--- What the exercise asks ---
Exactly reproduce the entries, dropping any pictures from your copy.

Records from a data source
* * * * *

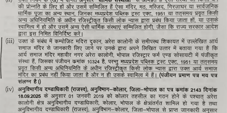 शिकायतकर्ता विवेक त्रिपाठी ने बताया कि जिस स्थान पर शराब की दुकान खोली गई है, वह नगर निगम भोपाल से अनुमति प्राप्त आवासीय उपयोग के लिए भूखंड है। दुकान के ठीक बगल में एक बच्चों का अस्पताल है, जहां महिलाएं और बच्चे नियमित रूप से आते-जाते हैं। इसके अलावा, दुकान से मात्र 50 मीटर की दूरी पर आर्य समाज का मंदिर भी स्थित है, जहां बुजुर्गों की मौजूदगी में नियमित धार्मिक अनुष्ठान होते हैं।
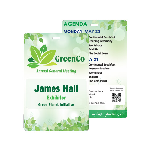 You can have any size of ecoBadge – 4″ x 6″, 4″ x 5″, 3-1/2″ x 5″, 3″ x 5″, etc. feel free to request another size.
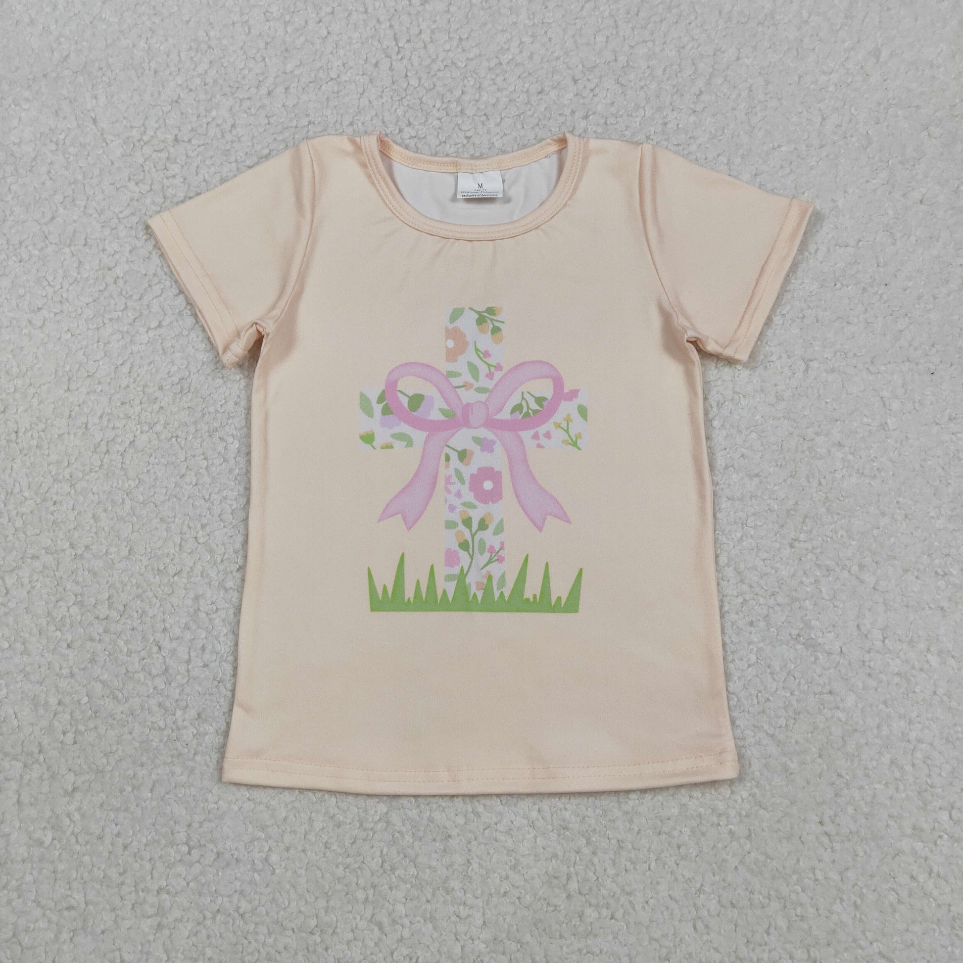 Baby Girls Short Sleeves Flower Cross Easter Yellow Shirt Tops RTS
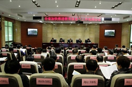 省教育厅副巡视员贺安溪在会上宣读关于调整湖南省教育厅教育信息化工作领导小组的通知。省教育厅教育信息化工作领导小组成员、省教育厅相关职能处室负责人、职能机构负责人、企业代表以及在长沙的高校主要负责人在视频会议主会场参加会议。省内其他县市区教育局主要负责人及其他地区高校负责人在分会场参加会议。
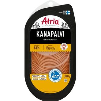 Atria Kanapalvi 300g sisältää 94 kilokaloria per 100g. Koko 300g pakkaus sisältää yhteensä 282 kcal.
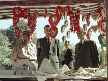 Személyes kedvencem a falusi búcsúk kínálata volt: rózsafüzér formába fűzött mézeskalács piros-sárga színben, tükrös szívek, no meg a kakasos nyalóka, aminek közepébe amolyan szocialista kindertojásként műanyag játékokat rejtettek.
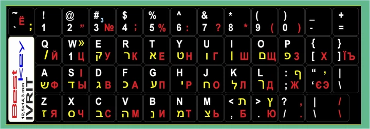 Нестираємі наліпки Іврит, \EN\UA\RU на клавіатуру Best Key матова ламінована непрозора, 49 кл.

* * * * *

--- Answer to this problem ---
 शिकायतकर्ता विवेक त्रिपाठी ने बताया कि जिस स्थान पर शराब की दुकान खोली गई है, वह नगर निगम भोपाल से अनुमति प्राप्त आवासीय उपयोग के लिए भूखंड है। दुकान के ठीक बगल में एक बच्चों का अस्पताल है, जहां महिलाएं और बच्चे नियमित रूप से आते-जाते हैं। इसके अलावा, दुकान से मात्र 50 मीटर की दूरी पर आर्य समाज का मंदिर भी स्थित है, जहां बुजुर्गों की मौजूदगी में नियमित धार्मिक अनुष्ठान होते हैं।
 You can have any size of ecoBadge – 4″ x 6″, 4″ x 5″, 3-1/2″ x 5″, 3″ x 5″, etc. feel free to request another size.
 Baby Girls Short Sleeves Flower Cross Easter Yellow Shirt Tops RTS
 省教育厅副巡视员贺安溪在会上宣读关于调整湖南省教育厅教育信息化工作领导小组的通知。省教育厅教育信息化工作领导小组成员、省教育厅相关职能处室负责人、职能机构负责人、企业代表以及在长沙的高校主要负责人在视频会议主会场参加会议。省内其他县市区教育局主要负责人及其他地区高校负责人在分会场参加会议。
 Atria Kanapalvi 300g sisältää 94 kilokaloria per 100g. Koko 300g pakkaus sisältää yhteensä 282 kcal.
 Személyes kedvencem a falusi búcsúk kínálata volt: rózsafüzér formába fűzött mézeskalács piros-sárga színben, tükrös szívek, no meg a kakasos nyalóka, aminek közepébe amolyan szocialista kindertojásként műanyag játékokat rejtettek.
 Нестираємі наліпки Іврит, \EN\UA\RU на клавіатуру Best Key матова ламінована непрозора, 49 кл.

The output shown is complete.